Several specialized renamers can be easier (or not) to build than one wide renamer of the same effective width. The same, but with higher certainty, applies to several specialized register files vs unified register file with the same effective number of read/write ports.
Also, I'd think that useful uArch tricks like Intel's compare+branch macroOp fusion are easier with a single software-visible set of flags than with either register-based branches or multiple sets of arithmetic flags.
> That being said there are better and worse ways to do that, and perhaps an even better alterative is a
> compare-and-branch instruction (although I wouldn’t want that as the only comparison instruction).
>
IIRC, MIPS has compare-and-branch-on-equal/nonequal
Altera Nios2, which is in many other aspects almost carbon copy of MIPS, have complete set of 2-reg compare-and-branch instructions.
> anon (anon.delete@this.anon.com) on February 3, 2013 10:06 pm wrote:
> > Patrick Chase (patrickjchase.delete@this.gmail.com) on February 3, 2013 7:40 pm wrote:
> > > anon (anon.delete@this.anon.com) on February 3, 2013 6:11 pm wrote:
> > > > Patrick Chase (patrickjchase.delete@this.gmail.com) on February 3, 2013 4:29 pm wrote:
> > > > > Paul A. Clayton (paaronclayton.delete@this.gmail.com) on February 2, 2013 11:10 am wrote:
> > > >
> > > > > > A clean RISC like Alpha (or--from what I have read--AArch64) would be much more friendly to fast bring-up
> > > > > > of a decent microarchitecture. (Classic ARM seems to be somewhere in the middle--not as complex as x86 but
> > > > > > not as simple as Alpha--, but even with Thumb2+classic ARM it might be closer to Alpha than to x86.)
> > > > >
> > > > > AArch64 is indeed a nice, classic RISC architecture. In particular they fixed the biggest
> > > > > single limitation of classic ARM (spending instruction encoding bits on condition-based
> > > > > predication at the expense of GPRs).
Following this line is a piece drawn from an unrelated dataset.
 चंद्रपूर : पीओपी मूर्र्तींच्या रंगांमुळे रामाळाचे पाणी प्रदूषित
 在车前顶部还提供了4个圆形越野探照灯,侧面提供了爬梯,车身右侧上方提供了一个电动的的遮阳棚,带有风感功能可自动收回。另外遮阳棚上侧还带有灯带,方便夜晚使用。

I'd put it somewhere between MIPS and Alpha on
> > > > > the "architectural purity scale", and that's a pretty good place to be.
> > > >
> > > > What are some aspects of the ISA that make it less clean than Alpha, would you say?
> >
> > Thanks for the answer.
> >
> > >
> > > Continued reliance on condition flags.
> >
> > What is cleaner? GPR for comparison/branch?
>
>
> I think most people would say yes. If nothing else, it lets
> you omit a whole rename mechanism for the flags register.
>
Which (additional rename mechanism) can be considered opportunity rather than limitation.
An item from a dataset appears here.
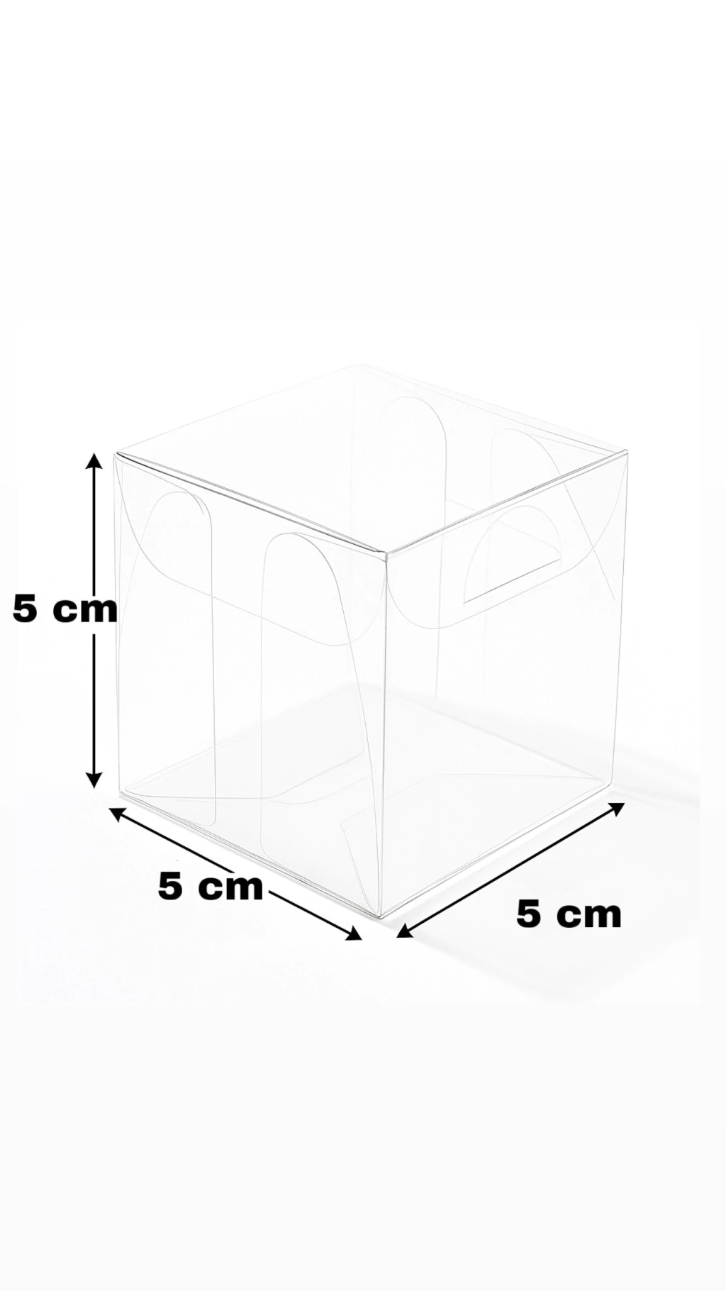 Caixa em Acetato Transparente crital 5x5x5 cm – Ideal para 2 Mini Macarons, Doces e Lembrancinhas Apresente seus produtos com elegância e praticidade! As caixas em acetato cristal transparente são perfeitas para doces finos, mini macarons, mini sabonetes, lembrancinhas e diversos tipos de artesanato, garantindo uma apresentação charmosa e profissional. Dimensões da caixa montada: Comprimento: 5 cm Largura: 5 cm Altura: 5 cm Espessura do acetato: 0,21 mm (210 micras) Características: Material de alta transparência: valoriza o conteúdo e confere acabamento sofisticado. Montagem simples e prática: apenas com dobras e encaixes — dispensa cola e ferramentas. Fabricação própria, garantindo qualidade e excelente padrão de corte e vinco. Tampa com sistema de abre e fecha, fácil de usar e reutilizável. Observação: As imagens são ilustrativas. Doces, laços e acessórios não estão inclusos. #embalagempremium #embalagemdequalidade #embalagembonita #embalagemsofisticada #caixacristal #acetatotransparente #embalagemprofissional #embalagemcriativa #embalagemdepresente #caixasparadoces #embalagemparadoces #caixaparamacarons #caixaslembrancinhas #embalagempersonalizada #caixasparafestas #caixadeacetato #embalagemtransparente #caixasparaconfeitaria #embalagensparapresentes #embalagemparadocinhos #caixaparabrigadeiros #caixaparabemcasado #caixasparaartesanatos #lembrancinhaspersonalizadas #embalagemparafesta #docesfinos #brigadeirosgourmet #festainfantil #lembrancinhascriativas

Several specialized renamers can be easier (or not) to build than one wide renamer of the same effective width. The same, but with higher certainty, applies to several specialized register files vs unified register file with the same effective number of read/write ports.
Also, I'd think that useful uArch tricks like Intel's compare+branch macroOp fusion are easier with a single software-visible set of flags than with either register-based branches or multiple sets of arithmetic flags.
> That being said there are better and worse ways to do that, and perhaps an even better alterative is a
> compare-and-branch instruction (although I wouldn’t want that as the only comparison instruction).
>
IIRC, MIPS has compare-and-branch-on-equal/nonequal
Altera Nios2, which is in many other aspects almost carbon copy of MIPS, have complete set of 2-reg compare-and-branch instructions.